### Task data

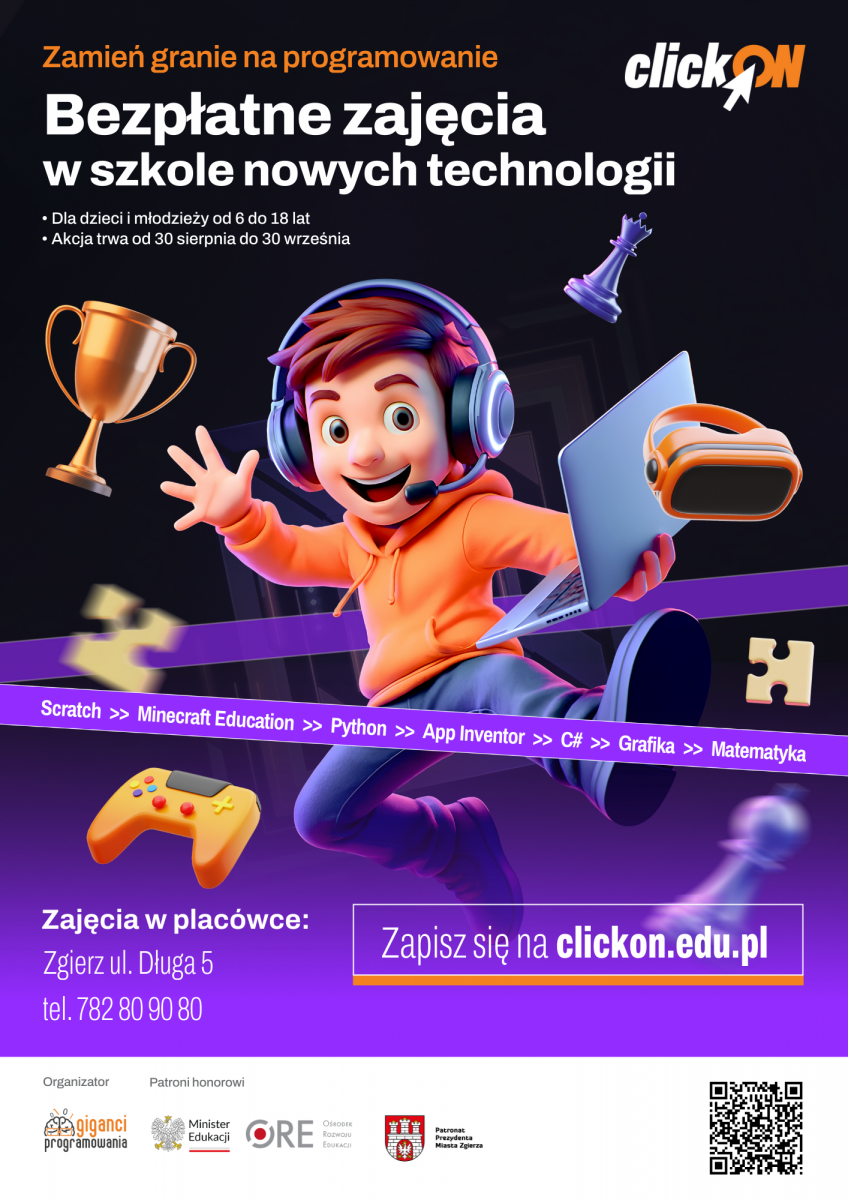 ZAPISY WYSTARTOWAŁY! Zapraszamy dzieci i młodzież w wieku od 7 do 18 lat do udziału w wydarzeniu clickON "Zamień granie na programowanie", czyli bezpłatnych zajęciach z programowania i nowych technologii. Spotkania stacjonarne odbędą się w Zgierzu przy ul. Długiej 5 w terminach: 30 sierpnia, 6 września, 13–14 września, 20-21 września 2025 roku)
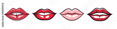 Red lips collection. Vector illustration of woman's lips Isolated on white background.
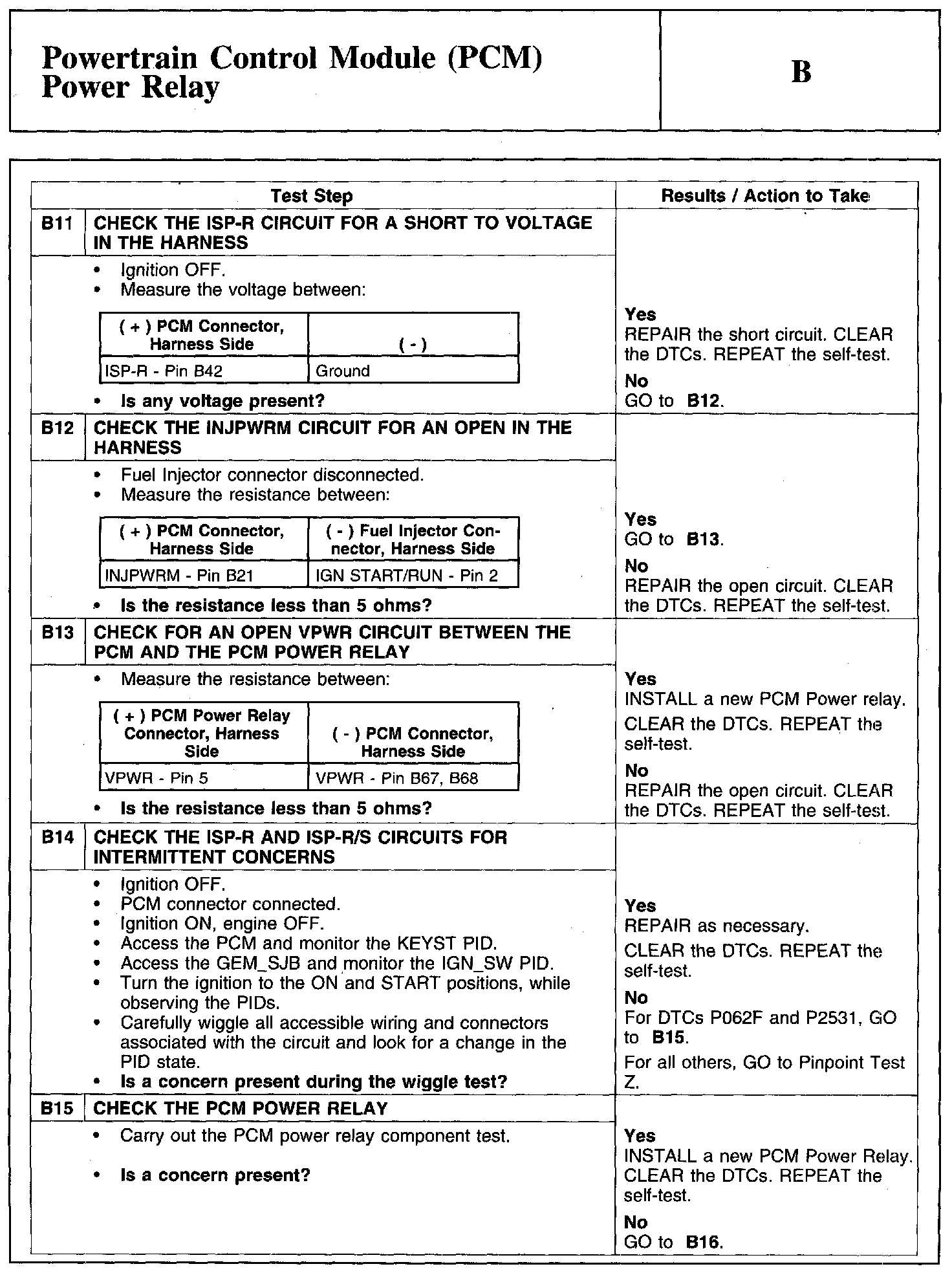 PINPOINT TEST B: POWERTRAIN CONTROL MODULE (PCM) POWER RELAYWarning And Fuel Injector Connector:
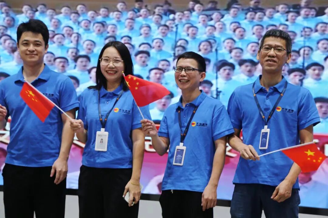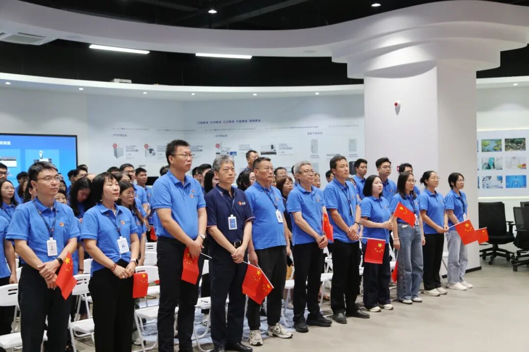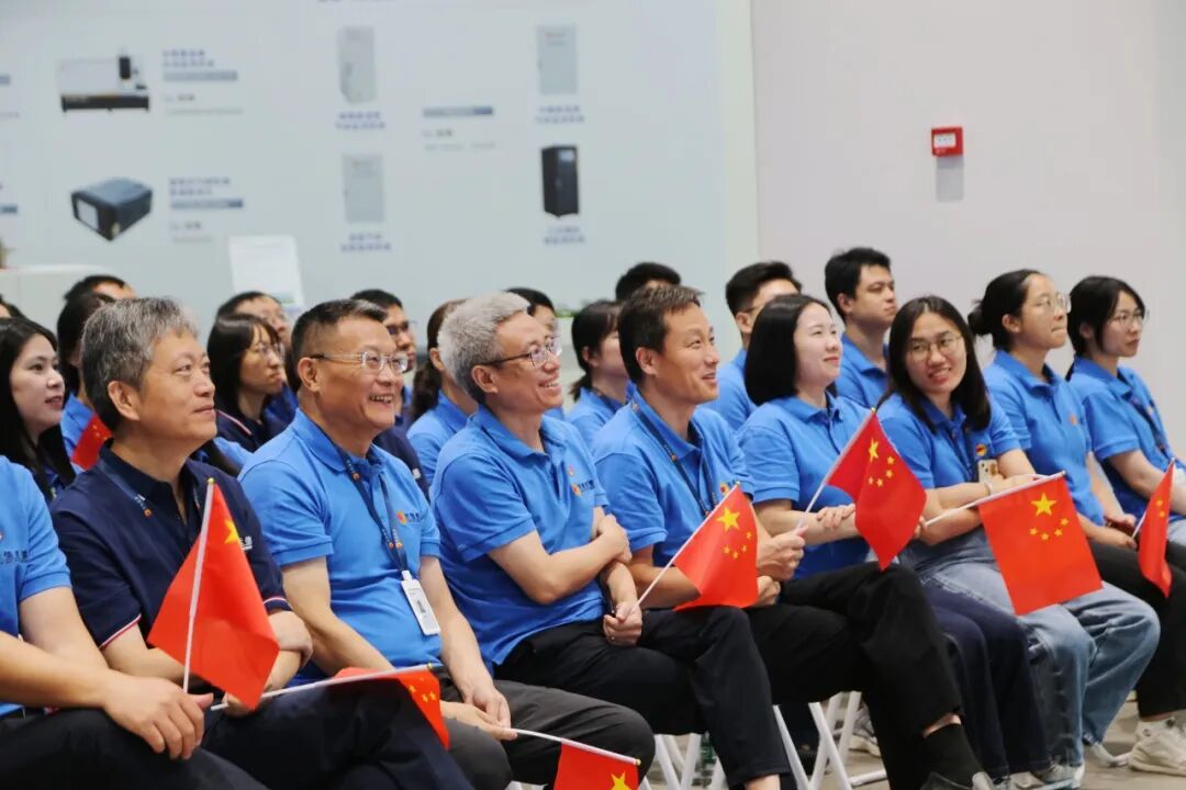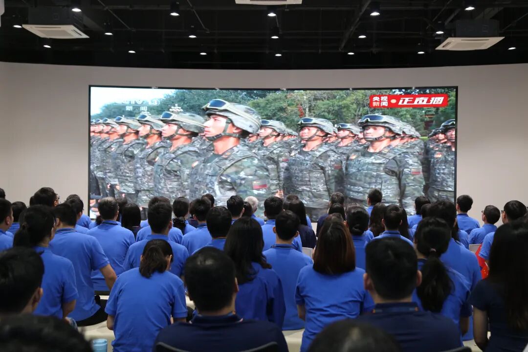 上午时分,展厅内早已坐满了满怀期待的禾信人。大屏幕前,大家自发整理衣襟、端正坐姿,眼神中满是对历史的敬畏与对祖国的热爱。随着纪念大会正式开始,当激昂的国歌响彻云霄,全体员工不约而同起身肃立,高唱国歌,嘹亮的歌声里,是禾信人与祖国同频共振的赤子之心。
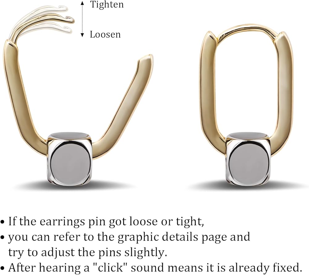[Suitable Size and Material] These gold oval earrings measure 0.4*0.7 inches, with the hanging silver square at 0.2*0.2 inches. It is small and lightweight, ensuring it won't be burdensome to wear. Crafted from sterling silver and 14K gold materials, the entire earring is resistant to oxidation and fading, making it hypoallergenic for the skin.
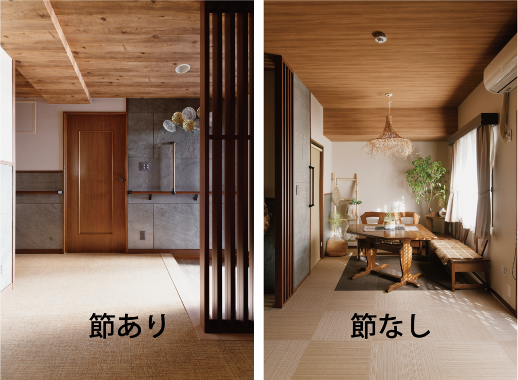 当初、すべて節ありのクロスで予定をしていましたが、リビングダイニングの空間はすっきりとした印象にするために節なしのクロスへと変更しました。
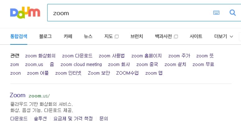 다음에서는 줌 화상회의 다운로드를 하기 위해서 zoom이라고 입력해주셔야 한다는 점 잊지 마세요.
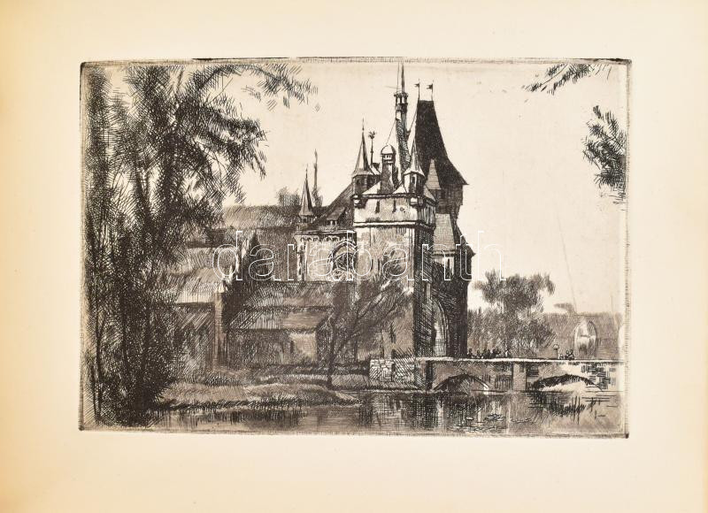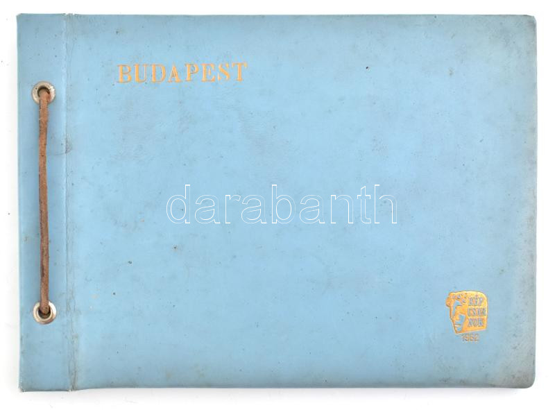 1962 Budapest, 10 db rézkarcot tartalmazó album (Mátyás-templom, Gellért-hegy, Opera, stb.), 14x9 cm körüli méretben. Képcsarnok kiadása. Kiadói zsinórfűzéses műbőr borítóval.
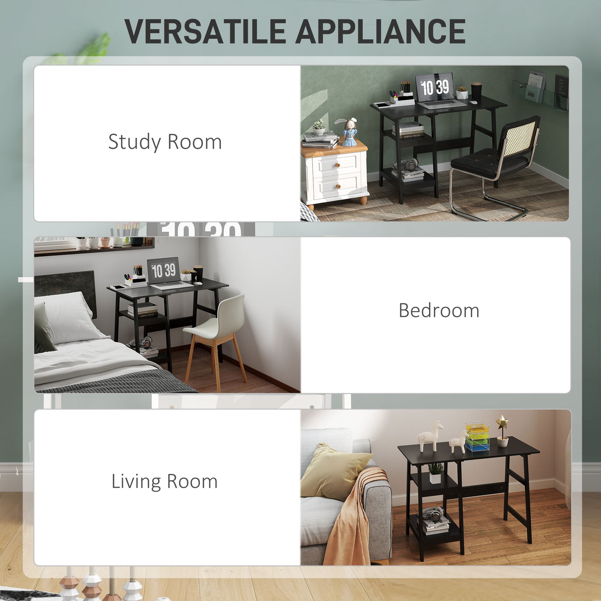 This compact computer desk features side shelves that are handy for keeping your work essentials organized, such as papers, folders, and stationery. It is a great space-saver for homes, study rooms, bedrooms, and offices.
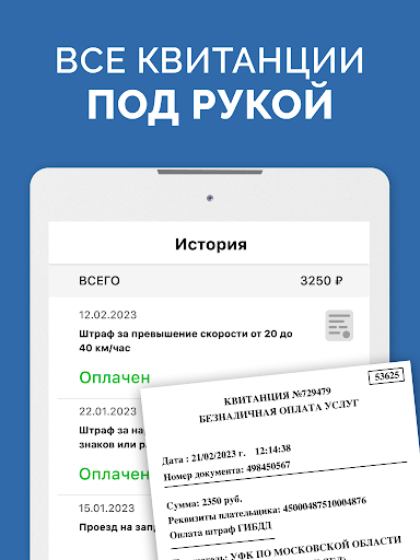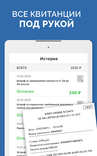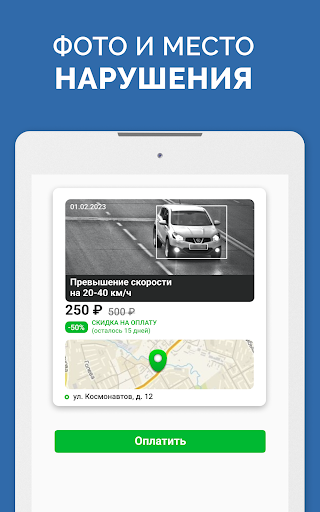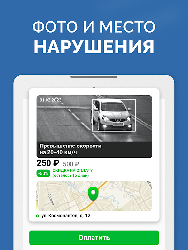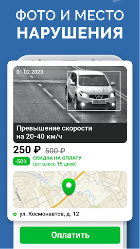 🔔 Приложение оперативно уведомит, если Вы получите новое нарушение ПДД и поможет его оплатить онлайн со скидкой 50%.
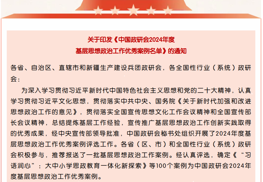 据悉,中国政研会是中宣部领导下的组织和推动思想政治工作研究的全国性社团组织。本次评选100个“中国政研会2024年度基层思想政治工作优秀案例”,分别代表了我国企业、农村、机关、公司、社区、网络等领域的思政工作好经验、好做法,对不断提升基层思想政治工作的质量和水平具有广泛的交流借鉴、示范带动作用。
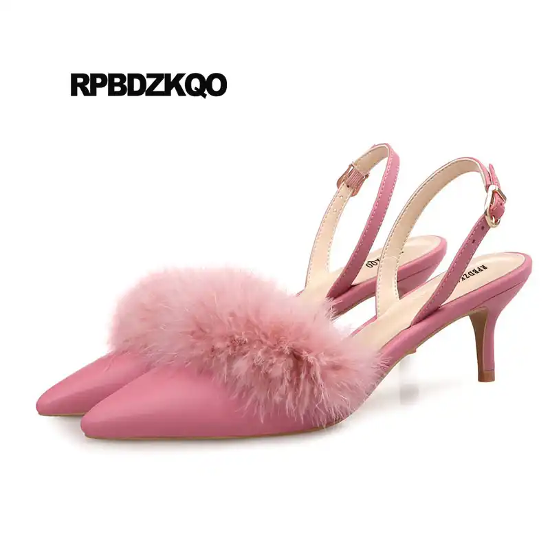 Pumps Sweet 2018 Nude Fur Kitten Sandals Slingback Pointed Toe

### Your goal
The range to transcribe runs from the line holding "当初、すべて節ありのクロスで" through the final line of the data above; copy it exactly and exclude the pictures.

### Solution for this task
 当初、すべて節ありのクロスで予定をしていましたが、リビングダイニングの空間はすっきりとした印象にするために節なしのクロスへと変更しました。
 다음에서는 줌 화상회의 다운로드를 하기 위해서 zoom이라고 입력해주셔야 한다는 점 잊지 마세요.
 1962 Budapest, 10 db rézkarcot tartalmazó album (Mátyás-templom, Gellért-hegy, Opera, stb.), 14x9 cm körüli méretben. Képcsarnok kiadása. Kiadói zsinórfűzéses műbőr borítóval.
 This compact computer desk features side shelves that are handy for keeping your work essentials organized, such as papers, folders, and stationery. It is a great space-saver for homes, study rooms, bedrooms, and offices.
 🔔 Приложение оперативно уведомит, если Вы получите новое нарушение ПДД и поможет его оплатить онлайн со скидкой 50%.
 据悉,中国政研会是中宣部领导下的组织和推动思想政治工作研究的全国性社团组织。本次评选100个“中国政研会2024年度基层思想政治工作优秀案例”,分别代表了我国企业、农村、机关、公司、社区、网络等领域的思政工作好经验、好做法,对不断提升基层思想政治工作的质量和水平具有广泛的交流借鉴、示范带动作用。
 Pumps Sweet 2018 Nude Fur Kitten Sandals Slingback Pointed Toe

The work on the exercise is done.